**EXERCISE DESCRIPTION**
Transcribe the listing below only from the line with "拉斯帕尔马斯首发:13-阿尔" up to and including the line with "Stripe Off-Shoulder Dress - Navy".
----
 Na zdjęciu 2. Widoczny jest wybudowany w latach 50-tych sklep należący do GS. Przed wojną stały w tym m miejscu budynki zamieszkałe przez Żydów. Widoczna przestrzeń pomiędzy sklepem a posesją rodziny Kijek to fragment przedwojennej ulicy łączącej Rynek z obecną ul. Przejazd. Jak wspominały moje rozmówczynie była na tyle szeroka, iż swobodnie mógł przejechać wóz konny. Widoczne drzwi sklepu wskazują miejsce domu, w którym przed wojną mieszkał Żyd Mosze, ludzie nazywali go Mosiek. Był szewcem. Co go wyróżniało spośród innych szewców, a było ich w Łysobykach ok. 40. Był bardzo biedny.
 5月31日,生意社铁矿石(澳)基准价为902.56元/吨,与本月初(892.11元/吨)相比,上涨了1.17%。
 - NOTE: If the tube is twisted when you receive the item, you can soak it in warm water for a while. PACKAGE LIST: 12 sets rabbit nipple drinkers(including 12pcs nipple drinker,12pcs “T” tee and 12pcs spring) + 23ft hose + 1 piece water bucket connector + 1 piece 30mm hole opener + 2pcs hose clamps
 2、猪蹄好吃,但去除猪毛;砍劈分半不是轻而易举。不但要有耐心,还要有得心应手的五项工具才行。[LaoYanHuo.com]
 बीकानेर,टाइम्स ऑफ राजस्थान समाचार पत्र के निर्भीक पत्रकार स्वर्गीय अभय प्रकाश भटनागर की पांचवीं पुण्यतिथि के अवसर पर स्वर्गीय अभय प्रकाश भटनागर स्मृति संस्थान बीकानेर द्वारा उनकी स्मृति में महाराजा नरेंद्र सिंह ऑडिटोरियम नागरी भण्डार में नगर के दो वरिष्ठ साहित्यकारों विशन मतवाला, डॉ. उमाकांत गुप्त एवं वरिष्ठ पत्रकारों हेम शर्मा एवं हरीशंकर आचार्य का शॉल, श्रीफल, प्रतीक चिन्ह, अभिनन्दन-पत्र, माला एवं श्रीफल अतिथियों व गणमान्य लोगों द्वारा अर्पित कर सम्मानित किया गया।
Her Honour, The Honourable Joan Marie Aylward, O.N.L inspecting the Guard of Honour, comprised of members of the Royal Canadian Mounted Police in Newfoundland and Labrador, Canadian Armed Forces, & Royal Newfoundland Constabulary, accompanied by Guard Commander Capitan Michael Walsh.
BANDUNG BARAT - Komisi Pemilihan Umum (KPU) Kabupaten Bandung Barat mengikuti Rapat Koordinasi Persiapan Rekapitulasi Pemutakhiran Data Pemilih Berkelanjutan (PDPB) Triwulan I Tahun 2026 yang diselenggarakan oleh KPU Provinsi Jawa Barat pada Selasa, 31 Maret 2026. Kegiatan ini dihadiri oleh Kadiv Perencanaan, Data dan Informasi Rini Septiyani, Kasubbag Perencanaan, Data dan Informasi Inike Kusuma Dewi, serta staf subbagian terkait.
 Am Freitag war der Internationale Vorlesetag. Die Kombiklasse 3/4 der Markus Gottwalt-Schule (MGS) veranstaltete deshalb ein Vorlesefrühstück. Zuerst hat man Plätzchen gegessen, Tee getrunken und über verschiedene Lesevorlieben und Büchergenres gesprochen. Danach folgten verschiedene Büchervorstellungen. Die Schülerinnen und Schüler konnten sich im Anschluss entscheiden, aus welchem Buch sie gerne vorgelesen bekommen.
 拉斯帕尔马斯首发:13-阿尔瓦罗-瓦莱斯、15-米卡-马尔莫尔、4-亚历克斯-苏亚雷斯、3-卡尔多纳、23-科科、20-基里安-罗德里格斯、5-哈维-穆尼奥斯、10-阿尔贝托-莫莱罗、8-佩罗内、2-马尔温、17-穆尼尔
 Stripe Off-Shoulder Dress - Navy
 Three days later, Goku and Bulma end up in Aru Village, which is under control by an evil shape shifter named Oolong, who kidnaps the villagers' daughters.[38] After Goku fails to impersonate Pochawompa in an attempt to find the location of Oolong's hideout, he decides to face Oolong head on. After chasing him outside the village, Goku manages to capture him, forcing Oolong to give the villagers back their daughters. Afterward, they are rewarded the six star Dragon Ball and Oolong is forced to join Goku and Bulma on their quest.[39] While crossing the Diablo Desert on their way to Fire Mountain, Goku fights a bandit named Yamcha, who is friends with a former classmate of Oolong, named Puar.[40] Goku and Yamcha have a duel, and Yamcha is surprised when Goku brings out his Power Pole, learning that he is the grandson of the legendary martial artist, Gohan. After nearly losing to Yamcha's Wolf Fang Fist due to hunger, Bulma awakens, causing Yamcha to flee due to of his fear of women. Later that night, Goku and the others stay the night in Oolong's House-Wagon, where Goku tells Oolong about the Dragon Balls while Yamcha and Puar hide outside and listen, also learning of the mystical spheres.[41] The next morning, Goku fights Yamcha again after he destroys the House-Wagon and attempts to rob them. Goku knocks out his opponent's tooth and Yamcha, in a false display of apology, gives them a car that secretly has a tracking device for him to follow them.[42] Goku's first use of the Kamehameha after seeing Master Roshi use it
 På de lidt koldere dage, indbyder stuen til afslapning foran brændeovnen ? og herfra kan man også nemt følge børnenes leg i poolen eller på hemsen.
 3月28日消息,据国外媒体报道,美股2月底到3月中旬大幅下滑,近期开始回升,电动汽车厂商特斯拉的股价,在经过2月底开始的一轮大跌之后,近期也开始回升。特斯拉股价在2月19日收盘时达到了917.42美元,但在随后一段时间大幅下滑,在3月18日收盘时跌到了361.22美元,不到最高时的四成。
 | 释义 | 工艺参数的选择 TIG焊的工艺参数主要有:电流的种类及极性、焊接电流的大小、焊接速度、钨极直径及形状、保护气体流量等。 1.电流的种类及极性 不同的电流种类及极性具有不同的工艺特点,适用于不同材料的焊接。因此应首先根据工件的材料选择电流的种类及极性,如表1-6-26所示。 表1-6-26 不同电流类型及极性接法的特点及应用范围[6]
----
**YOUR RESPONSE**
 拉斯帕尔马斯首发:13-阿尔瓦罗-瓦莱斯、15-米卡-马尔莫尔、4-亚历克斯-苏亚雷斯、3-卡尔多纳、23-科科、20-基里安-罗德里格斯、5-哈维-穆尼奥斯、10-阿尔贝托-莫莱罗、8-佩罗内、2-马尔温、17-穆尼尔
 Stripe Off-Shoulder Dress - Navy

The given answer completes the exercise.